The Florida Public Service Commission has been given exclusive jurisdiction to regulate the public utilities of this state. Ch. 366, Fla. Stat. (1979). Storey v. Mayo, 217 So. 2d 304 (Fla. 1968). The Commission has been given comprehensive and exclusive jurisdiction to both regulate the public utilities and, through its rules to set forth extensive procedures to be followed in resolving the very dispute which started this litigation. For example, Chapter 25-26 of the Florida Administrative Code deals with electrical utilities and applicants for service. Rule 25-26.83 deals specifically with electrical underground extensions, and the rule further provides that any disputes arising thereunder should be referred to and resolved by the Commission.[1] Rates and charges for services or installations by utilities are without a doubt matters coming exclusively within the primary jurisdiction of the Commission. In Richter v. Florida Power Corp., 366 So. 2d 798 (Fla. 2d DCA 1979) the court said: "We hold that the PSC does have exclusive jurisdiction to decide [whether the consumer was overcharged]. The PSC is best equipped to investigate the consumers' allegations, and, *899 if necessary, to establish the mechanism whereby refunds could be made ..."

It has been consistently held that where an administrative remedy is provided by statute, relief must be sought by exhausting this remedy before the courts will act. Florida Welding and Erection Service, Inc. v. American Mutual Insurance Co. of Boston, 285 So. 2d 386 (Fla. 1973). Oldham v. Foremost Dairies, Inc., 128 So. 2d 568 (Fla. 1961); Kaufman v. Machiedo, 357 So. 2d 739 (Fla. 3d DCA 1978) cert. denied, 364 So. 2d 888 (Fla. 1978); Atlantic Gas Corp. v. REC Centers, Inc., 305 So. 2d 791 (Fla. 4th DCA 1975); Pushkin v. Lombard, 279 So. 2d 79 (Fla. 3d DCA 1973), cert. denied, 284 So. 2d 396 (Fla. 1973).
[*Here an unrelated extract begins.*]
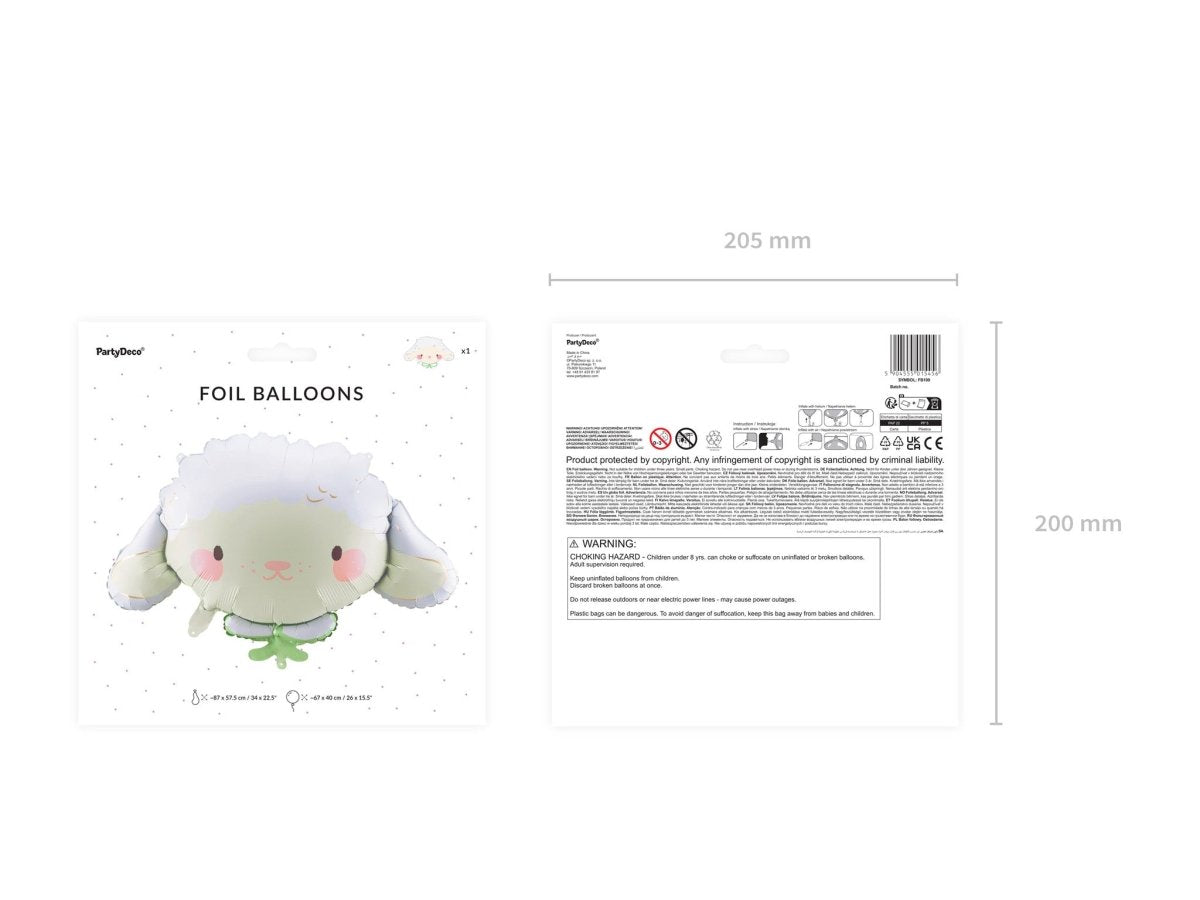 Folieballon Sheep, forskellige farver, mål før opblæsning ca. 87 x 57,5 cm (34 x 22,5''), mål efter opblæsning ca. 67 x 40 cm (26 x 15,5''). Kan pustes op med luft og helium. Sættet indeholder et sugerør.

Upon a review of the record on appeal and after consideration of the briefs and oral arguments of counsel, we are convinced that the appellee-plaintiff failed to exhaust administrative remedies before initiating this action and therefore the trial court erred in denying both the appellant's motion for summary judgment and motion for directed verdict made upon the trial of the case.

In the light of this holding, the remaining points on appeal and cross-appeal require no determination.

Accordingly this cause is reversed and remanded to the trial court with directions to enter an order of dismissal.

DAUKSCH, C.J., and ORFINGER, J., concur.

NOTES

[1] Rule 25-26.83 of the Florida Administrative Code: "When the application of these rules appears impracticable or unjust to either party, or discriminatory to other customers, the utility or applicant shall refer the matter to the Commission for special ruling or for the approval of special conditions which may be mutually agreed upon prior to commencing construction."